В 1832 году адмиралтейский совет обнаружил новые многочисленные вопиющие финансовые неурядицы в отчётности Черноморского флота за 1830–1831 годы. По существу, более половины флотского бюджета уходили налево. Помимо этого ещё хуже обстояло дело с контролем за вывозом хлеба из черноморских портов. Там вообще царил полный произвол местной мафии. Выправлять положение дел и дать объяснение по творимым безобразиям Грейг категорически и демонстративно отказался. Николай I напомнил Грейгу, что по должности тот несёт личную ответственность и за денежную отчётность, но строптивый Грейг ответил царю: «К проверке таковых сведений по обширности и многосложности их главный командир не имел и не имеет никаких средств».

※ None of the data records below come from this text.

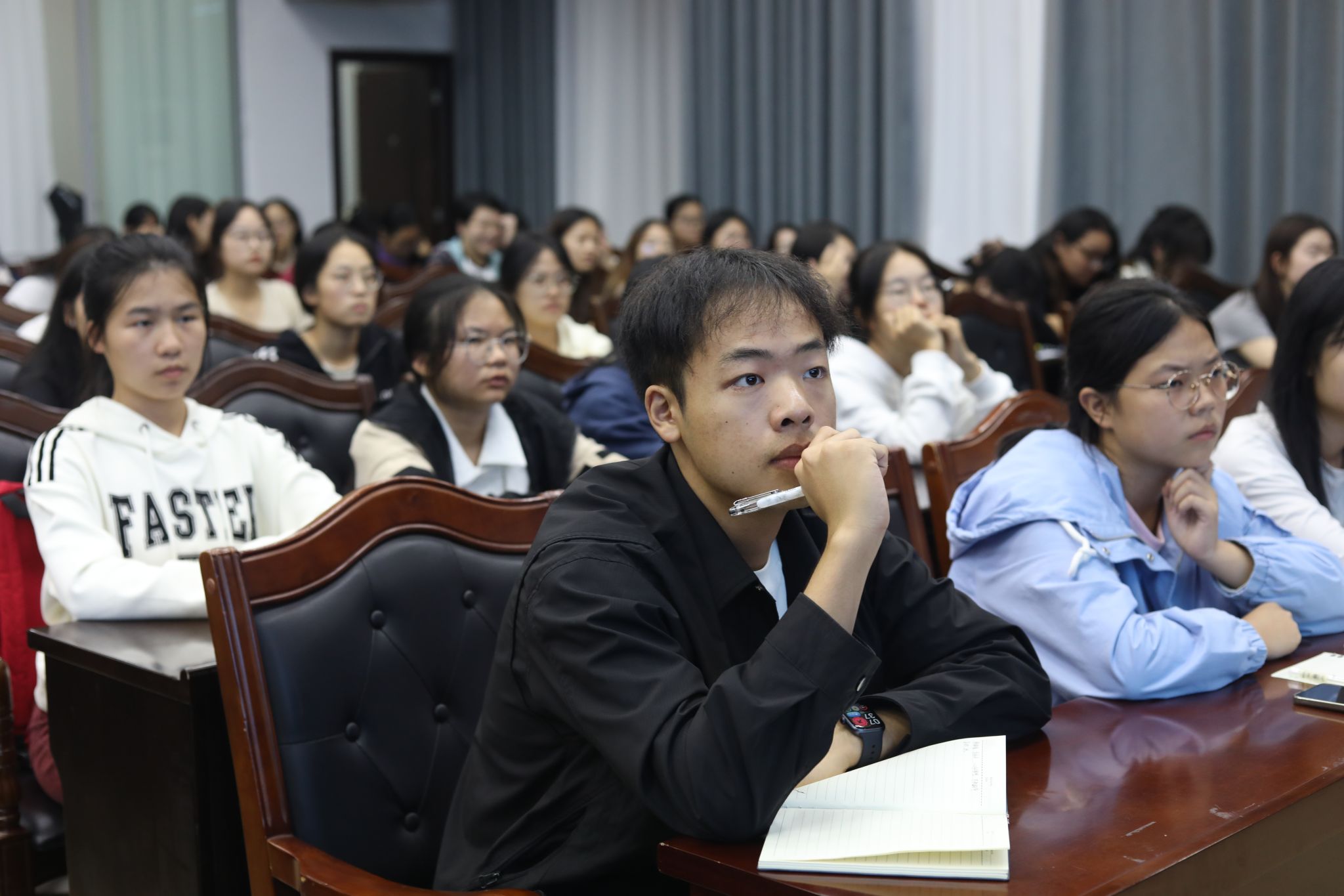 在交流互动环节,同学们积极提问,李国润针对合理规划大学时光等方面进行了详细解答。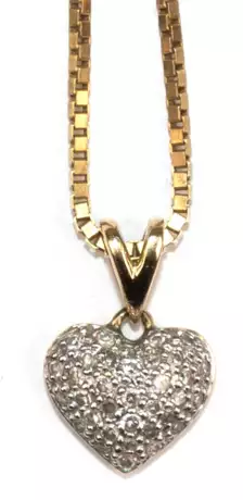 Лот 921 | Herz-Anhänger, 585er GG/WG, mit Brillantbesetzt, L. (mit Öse) 1,3 cm, dazu venezianische Kette, 333er GG, L. 49 cm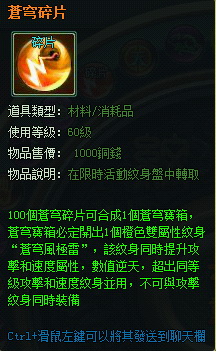 100 個蒼穹碎片可合成一個“蒼穹寶箱”,打開“蒼穹寶箱”可獲得雙屬性極品橙色紋身“蒼穹風極雷”,該紋身同時提升攻擊和速度屬性,數值逆天,超出同等級攻擊和速度紋身並用,不可與攻擊紋身同時裝備。
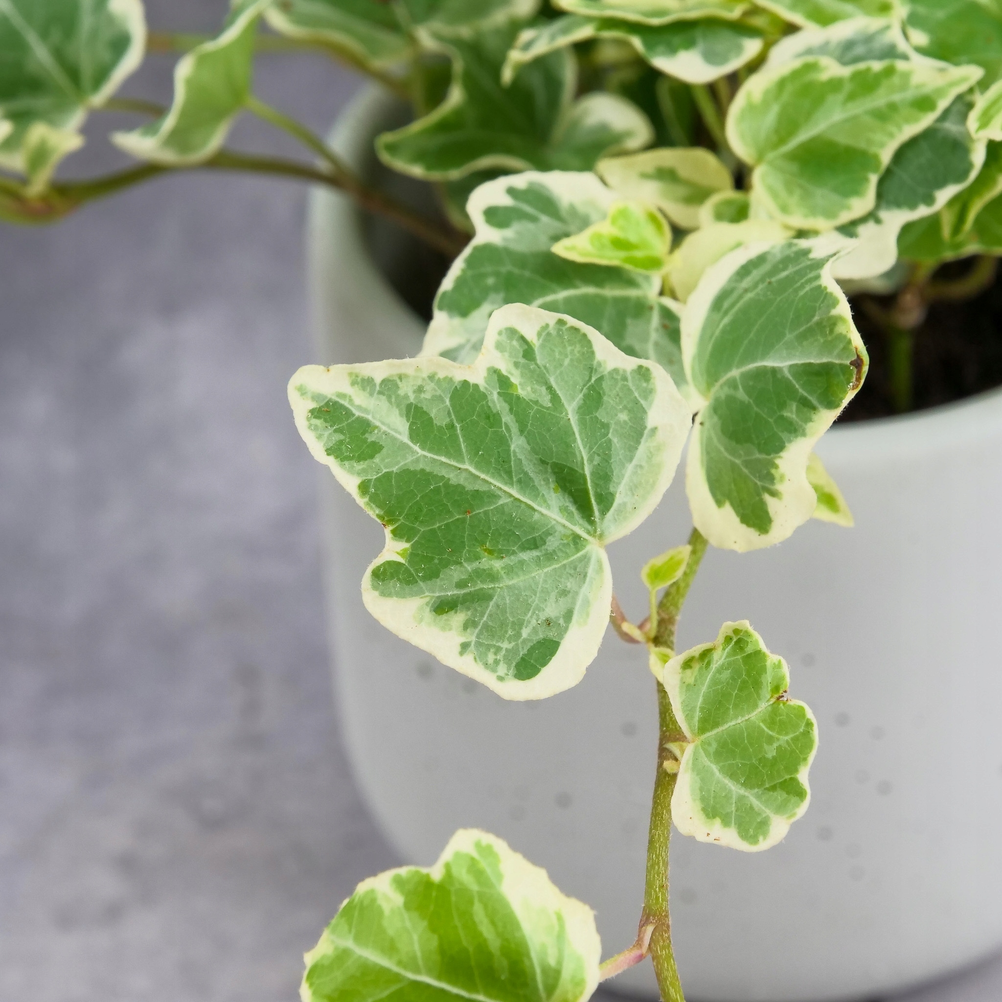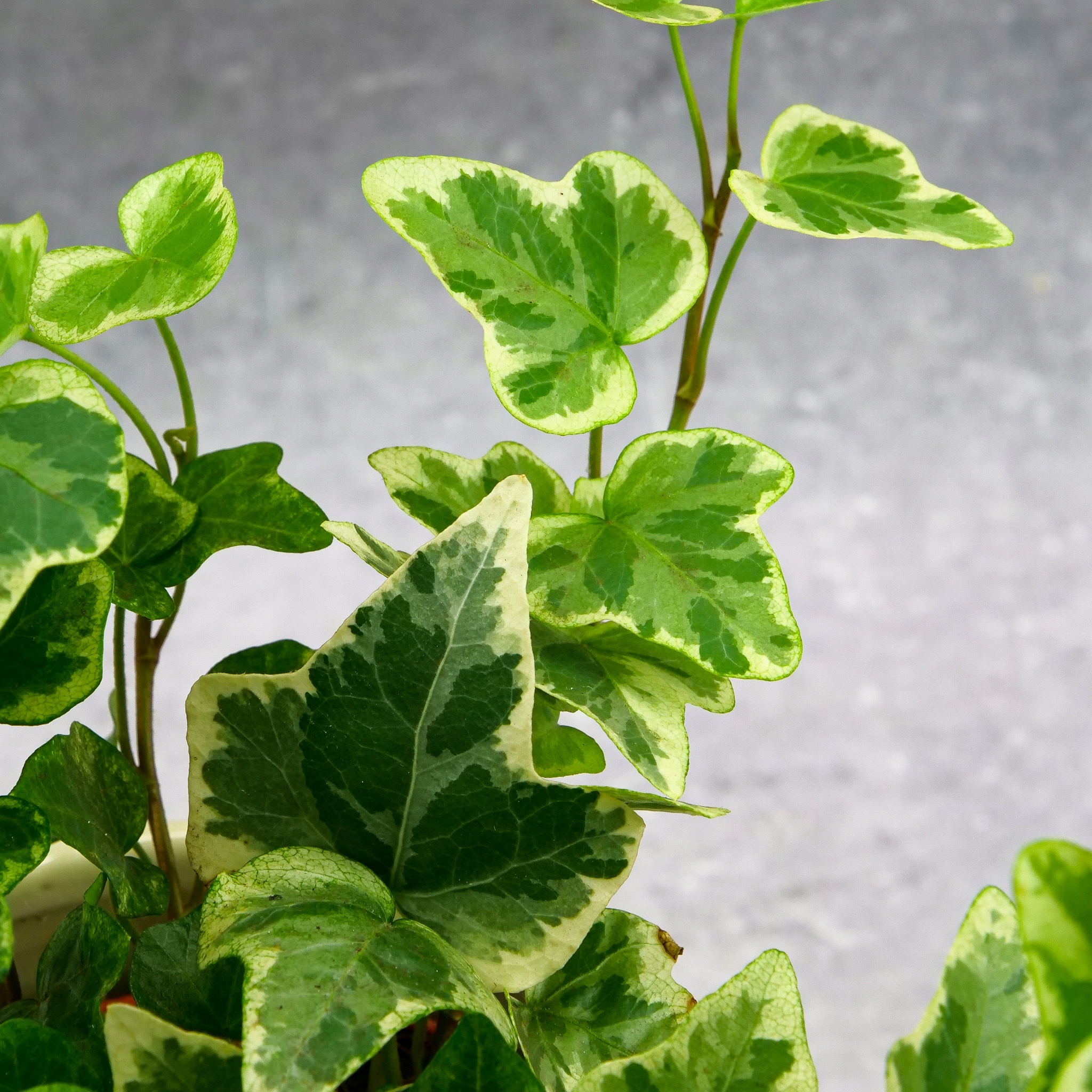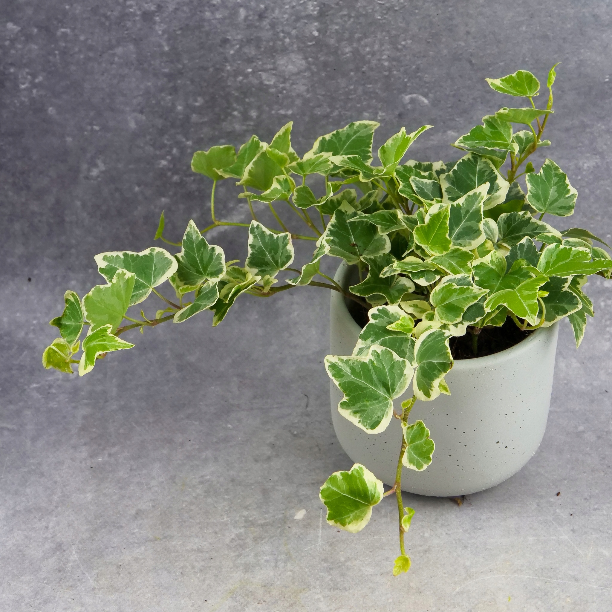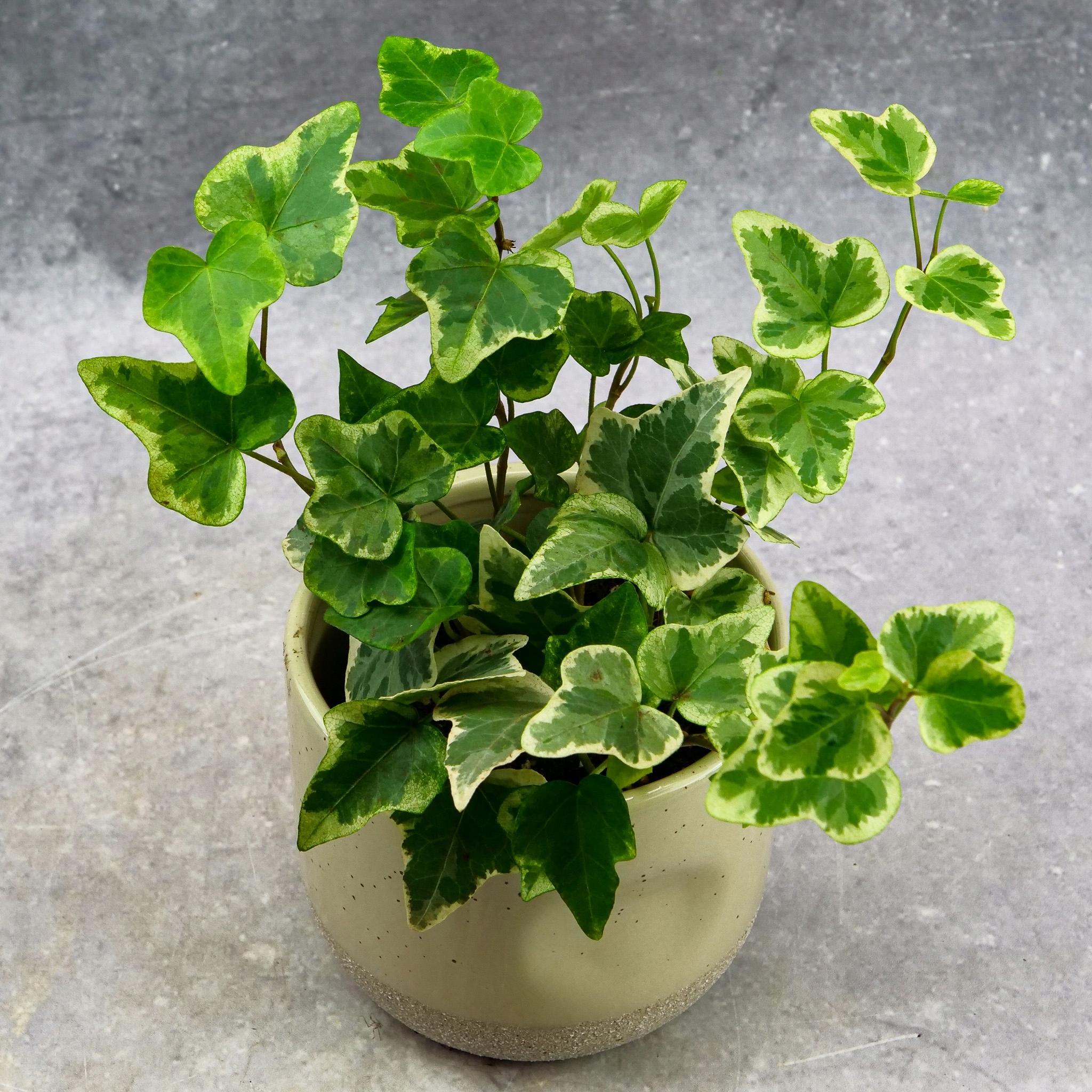 Растение хедера светлого плюща с пестролистностью в производственном горшке.

Весной 1833 года к встрече Казарского на юге России, безусловно, готовились. Вне всяких сомнений, что для этого были задействованы самые значительные силы. Вполне вероятно, что была предпринята и попытка подкупить столичного ревизора, но если она и была, то окончилась безрезультатно. Казарского подкупить было невозможно, и казнокрады это быстро поняли! А деятельность капитана 1-го ранга в Одессе показала местным чиновникам, что он настроен весьма решительно. Тогда-то, видимо, и встал вопрос о том, как обуздать столичного чиновника. Силы у них для этого были, тем более что покровительствовали им уже известный нам контр-адмирал Критский и правитель канцелярии командующего Иванов. Против них был бессилен даже тогдашний (с 1832 года) начальник штаба Черноморского флота М.П. Лазарев, который в одном из своих писем жаловался главнокомандующему русскими вооружёнными силами на юге России А. Меншикову: «…Явное препятствие обер-интенданта в изготовлении эскадры надёжным образом и столь дерзкое усилие его препятствовать мне в выполнении высочайшей воли я доводил до сведения главного командира, но получил отзыв… оправданиями обер-интенданта всё остаётся по-старому и ничего не делается…» Но и Меншиков не мог ничем помочь Лазареву. В отчаянии он пишет своему другу Шестакову, характеризуя состояние кораблей эскадры, оставшихся без ремонта и припасов: «„Париж“ совершенно сгнил, и надобно удивляться, как он не развалился… „Пимен“ кроме гнилостей в корпусе имеет все мачты и бушприт гнилыми до такой степени, что через фок-мачту проткнули железный шомпол насквозь!.. А фрегат „Штандарт“ чуть не утонул… Как мне благоразумнее при теперешнем случае поступить, не знаю — должность генерал-адъютанта есть быть фискалом и доносчиком, а я до сего времени ни тем, ни другим не бывал, хотя вовсе не считаю бесчестным выводить наружу злоупотребление. Меншикову писал партикулярно о здешних злоупотреблениях, но толку всё мало».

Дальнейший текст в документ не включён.